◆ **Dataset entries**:
· · ·

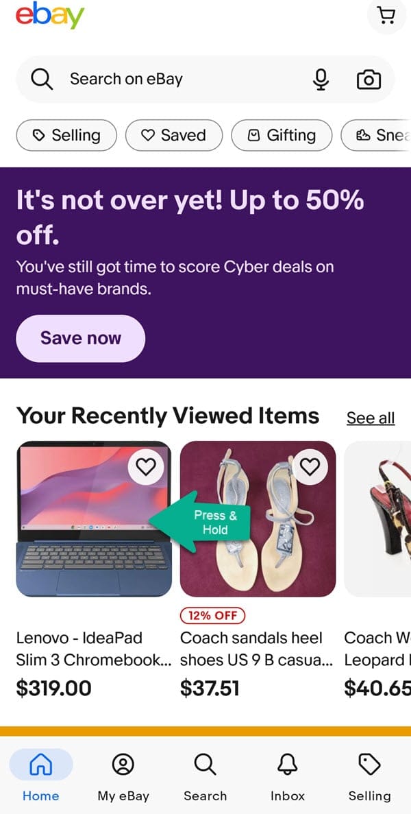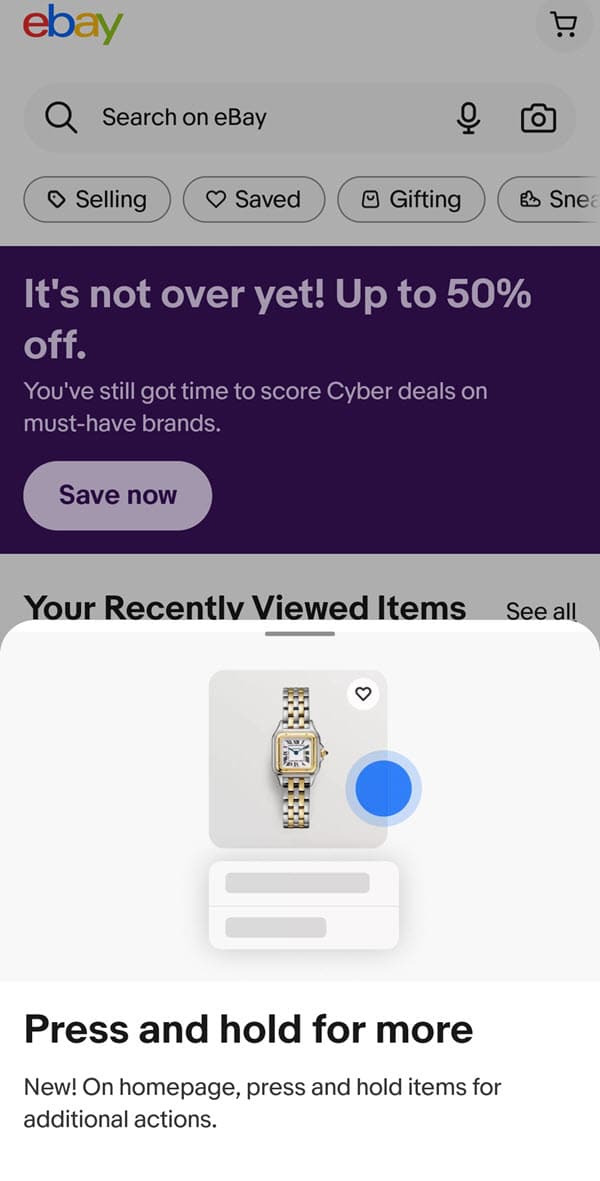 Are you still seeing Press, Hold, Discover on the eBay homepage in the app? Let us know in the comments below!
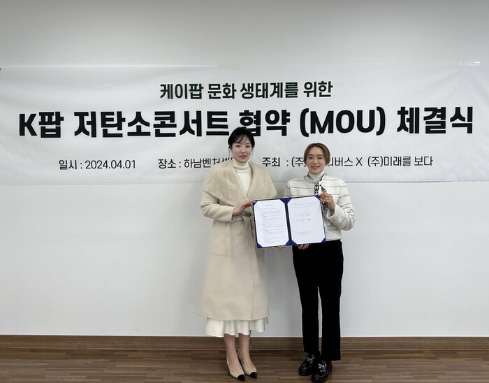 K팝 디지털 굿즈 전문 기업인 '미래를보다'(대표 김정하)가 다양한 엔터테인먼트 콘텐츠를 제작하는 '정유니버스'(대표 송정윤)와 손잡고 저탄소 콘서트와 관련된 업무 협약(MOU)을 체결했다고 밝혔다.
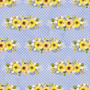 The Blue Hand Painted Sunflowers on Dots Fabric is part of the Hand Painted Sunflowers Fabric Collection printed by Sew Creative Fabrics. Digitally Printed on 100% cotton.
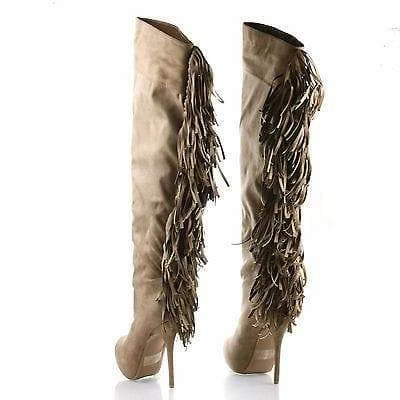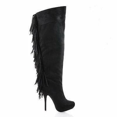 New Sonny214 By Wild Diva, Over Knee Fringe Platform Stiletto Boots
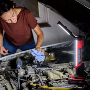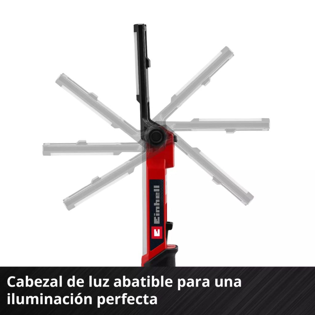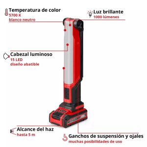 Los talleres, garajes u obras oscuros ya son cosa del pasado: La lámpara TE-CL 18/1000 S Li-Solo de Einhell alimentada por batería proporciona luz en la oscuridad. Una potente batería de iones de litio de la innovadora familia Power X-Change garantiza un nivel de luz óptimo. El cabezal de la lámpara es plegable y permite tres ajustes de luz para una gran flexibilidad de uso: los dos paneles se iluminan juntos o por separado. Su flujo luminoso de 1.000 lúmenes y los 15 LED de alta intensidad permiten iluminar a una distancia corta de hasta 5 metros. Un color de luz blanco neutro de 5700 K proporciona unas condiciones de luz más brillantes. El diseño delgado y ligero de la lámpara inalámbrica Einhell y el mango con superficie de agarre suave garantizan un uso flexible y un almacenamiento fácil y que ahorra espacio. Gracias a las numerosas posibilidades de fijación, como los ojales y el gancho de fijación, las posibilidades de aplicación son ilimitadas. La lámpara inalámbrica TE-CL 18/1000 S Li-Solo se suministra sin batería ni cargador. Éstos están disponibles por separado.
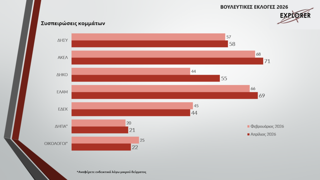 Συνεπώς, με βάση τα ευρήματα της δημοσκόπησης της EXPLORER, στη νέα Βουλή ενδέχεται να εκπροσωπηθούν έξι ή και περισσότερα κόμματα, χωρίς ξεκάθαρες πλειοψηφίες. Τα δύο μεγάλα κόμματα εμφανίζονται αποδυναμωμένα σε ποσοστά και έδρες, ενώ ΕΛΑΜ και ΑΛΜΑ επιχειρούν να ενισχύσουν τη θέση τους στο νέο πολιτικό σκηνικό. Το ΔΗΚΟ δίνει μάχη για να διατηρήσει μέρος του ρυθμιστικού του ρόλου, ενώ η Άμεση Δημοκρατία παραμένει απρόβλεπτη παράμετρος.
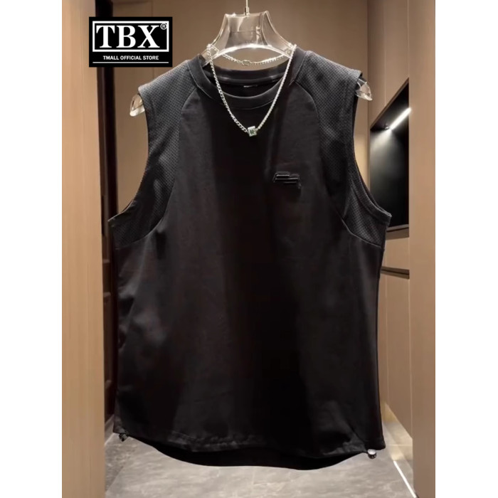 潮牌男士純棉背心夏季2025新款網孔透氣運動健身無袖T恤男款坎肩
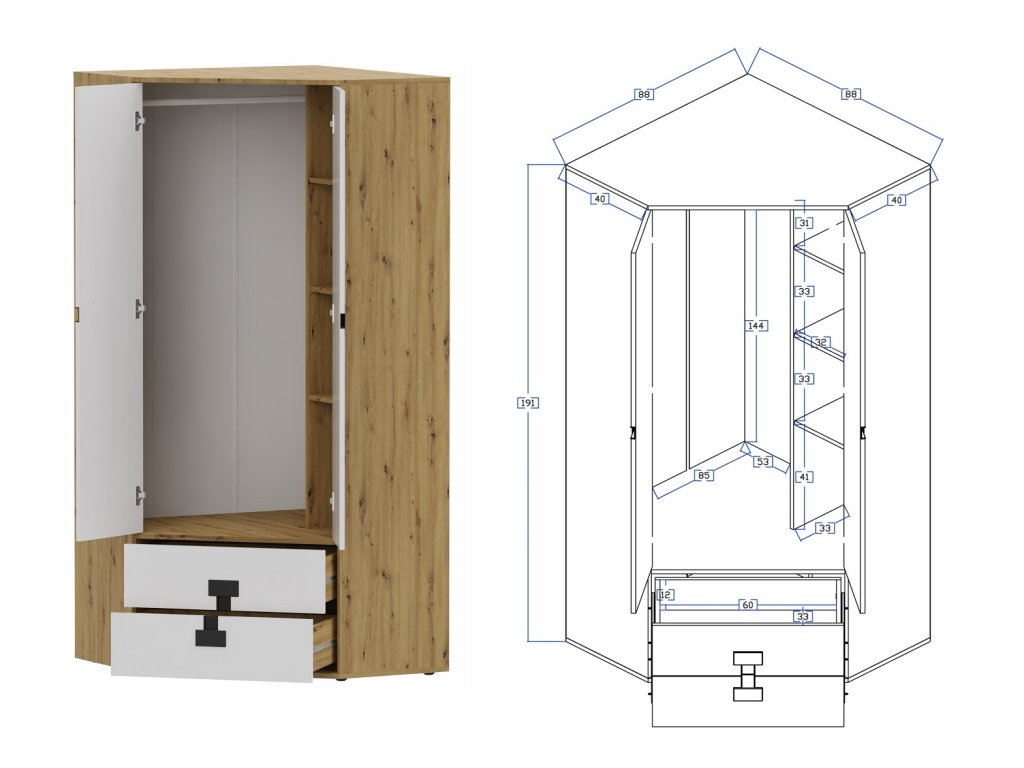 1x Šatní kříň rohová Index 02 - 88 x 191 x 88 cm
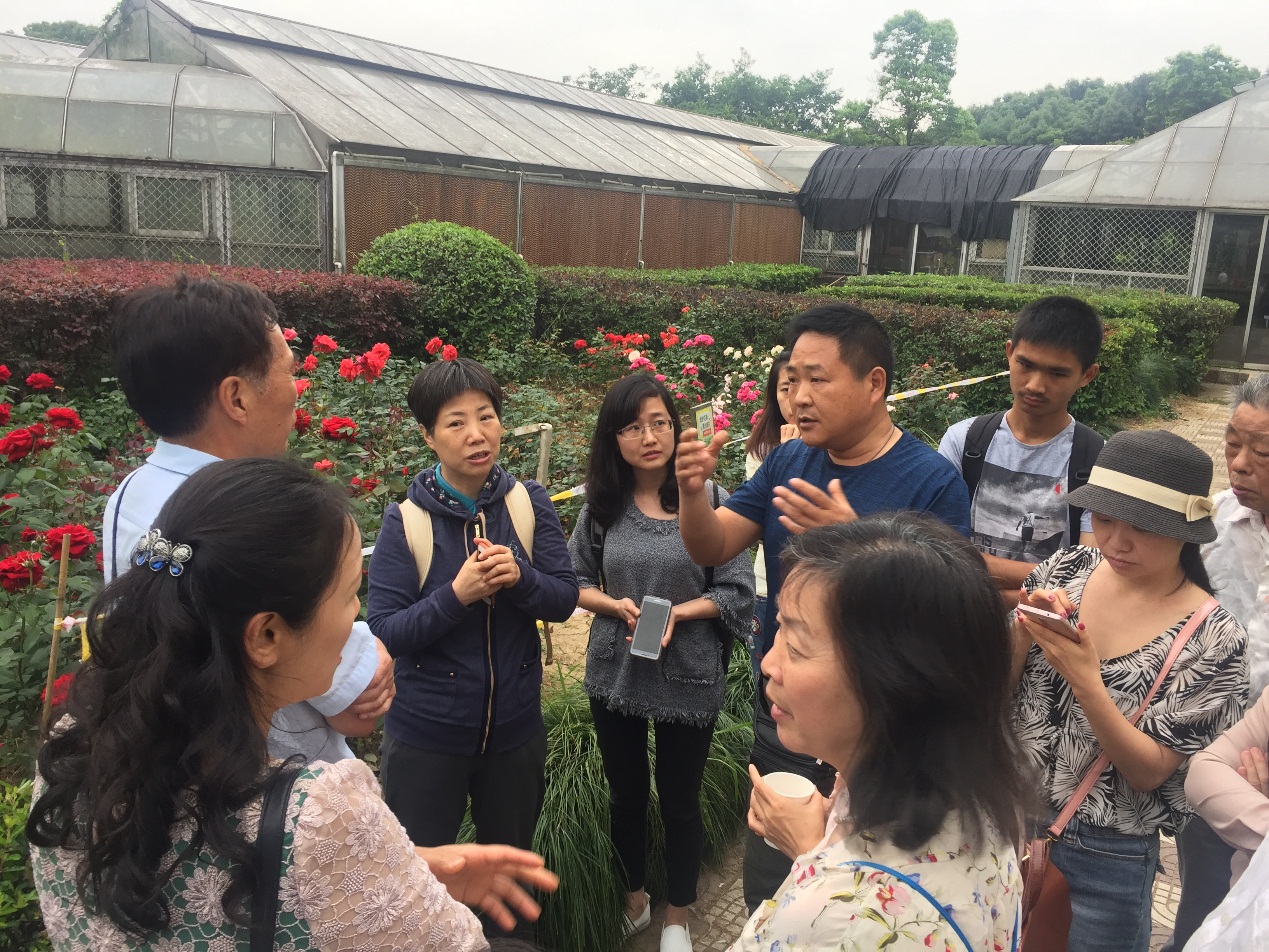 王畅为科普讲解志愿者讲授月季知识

· · ·

◆ **TASK GOAL**: Before printing the records again, strip out the pictures; change nothing else.

◆ **EXERCISE RESPONSE**:
 Are you still seeing Press, Hold, Discover on the eBay homepage in the app? Let us know in the comments below!
 K팝 디지털 굿즈 전문 기업인 '미래를보다'(대표 김정하)가 다양한 엔터테인먼트 콘텐츠를 제작하는 '정유니버스'(대표 송정윤)와 손잡고 저탄소 콘서트와 관련된 업무 협약(MOU)을 체결했다고 밝혔다.
 The Blue Hand Painted Sunflowers on Dots Fabric is part of the Hand Painted Sunflowers Fabric Collection printed by Sew Creative Fabrics. Digitally Printed on 100% cotton.
 New Sonny214 By Wild Diva, Over Knee Fringe Platform Stiletto Boots
 Los talleres, garajes u obras oscuros ya son cosa del pasado: La lámpara TE-CL 18/1000 S Li-Solo de Einhell alimentada por batería proporciona luz en la oscuridad. Una potente batería de iones de litio de la innovadora familia Power X-Change garantiza un nivel de luz óptimo. El cabezal de la lámpara es plegable y permite tres ajustes de luz para una gran flexibilidad de uso: los dos paneles se iluminan juntos o por separado. Su flujo luminoso de 1.000 lúmenes y los 15 LED de alta intensidad permiten iluminar a una distancia corta de hasta 5 metros. Un color de luz blanco neutro de 5700 K proporciona unas condiciones de luz más brillantes. El diseño delgado y ligero de la lámpara inalámbrica Einhell y el mango con superficie de agarre suave garantizan un uso flexible y un almacenamiento fácil y que ahorra espacio. Gracias a las numerosas posibilidades de fijación, como los ojales y el gancho de fijación, las posibilidades de aplicación son ilimitadas. La lámpara inalámbrica TE-CL 18/1000 S Li-Solo se suministra sin batería ni cargador. Éstos están disponibles por separado.
 Συνεπώς, με βάση τα ευρήματα της δημοσκόπησης της EXPLORER, στη νέα Βουλή ενδέχεται να εκπροσωπηθούν έξι ή και περισσότερα κόμματα, χωρίς ξεκάθαρες πλειοψηφίες. Τα δύο μεγάλα κόμματα εμφανίζονται αποδυναμωμένα σε ποσοστά και έδρες, ενώ ΕΛΑΜ και ΑΛΜΑ επιχειρούν να ενισχύσουν τη θέση τους στο νέο πολιτικό σκηνικό. Το ΔΗΚΟ δίνει μάχη για να διατηρήσει μέρος του ρυθμιστικού του ρόλου, ενώ η Άμεση Δημοκρατία παραμένει απρόβλεπτη παράμετρος.
 潮牌男士純棉背心夏季2025新款網孔透氣運動健身無袖T恤男款坎肩
 1x Šatní kříň rohová Index 02 - 88 x 191 x 88 cm
 王畅为科普讲解志愿者讲授月季知识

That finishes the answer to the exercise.